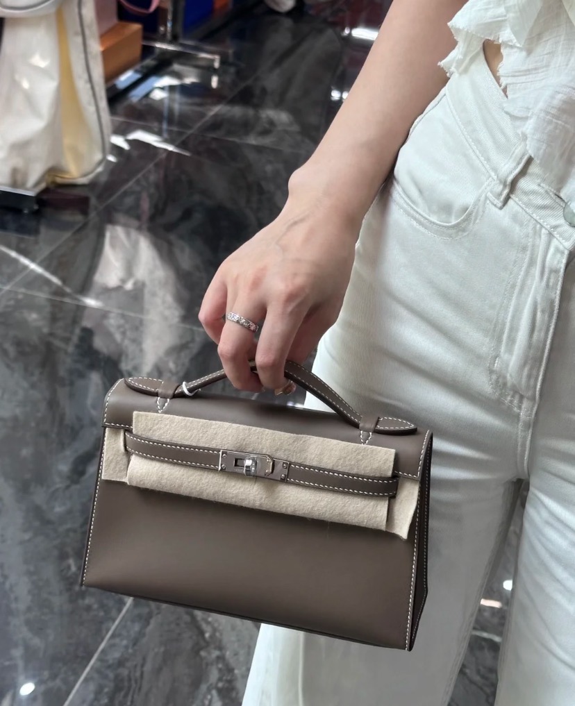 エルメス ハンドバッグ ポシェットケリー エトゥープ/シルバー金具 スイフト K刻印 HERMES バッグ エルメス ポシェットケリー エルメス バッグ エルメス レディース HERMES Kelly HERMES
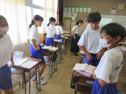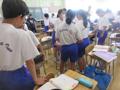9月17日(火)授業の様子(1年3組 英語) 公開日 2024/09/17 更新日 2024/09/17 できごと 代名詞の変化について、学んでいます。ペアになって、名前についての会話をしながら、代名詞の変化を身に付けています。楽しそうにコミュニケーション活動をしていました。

...

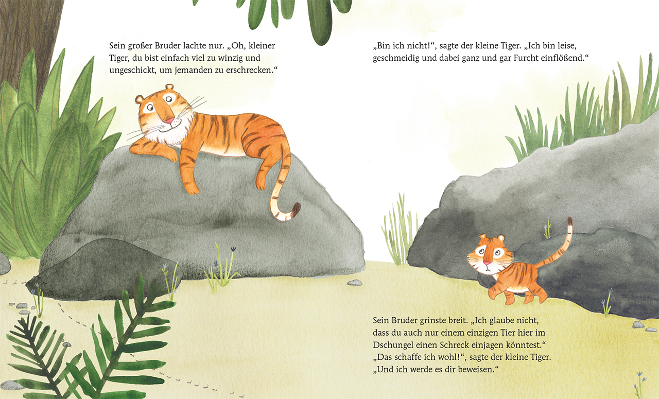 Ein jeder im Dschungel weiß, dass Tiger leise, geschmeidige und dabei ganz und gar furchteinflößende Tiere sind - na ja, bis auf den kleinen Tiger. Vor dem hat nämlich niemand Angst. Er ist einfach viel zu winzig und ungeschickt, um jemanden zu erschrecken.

* WHAT IS REQUIRED: Starting with the line that contains "エルメス ハンドバッグ ポシェットケリー" and finishing with the line that contains "9月17日(火)授業の様子(1年3組 英語) 公開日", reproduce every line of the material above exactly, but not the pictures.

* THE ANSWER:
 エルメス ハンドバッグ ポシェットケリー エトゥープ/シルバー金具 スイフト K刻印 HERMES バッグ エルメス ポシェットケリー エルメス バッグ エルメス レディース HERMES Kelly HERMES
9月17日(火)授業の様子(1年3組 英語) 公開日 2024/09/17 更新日 2024/09/17 できごと 代名詞の変化について、学んでいます。ペアになって、名前についての会話をしながら、代名詞の変化を身に付けています。楽しそうにコミュニケーション活動をしていました。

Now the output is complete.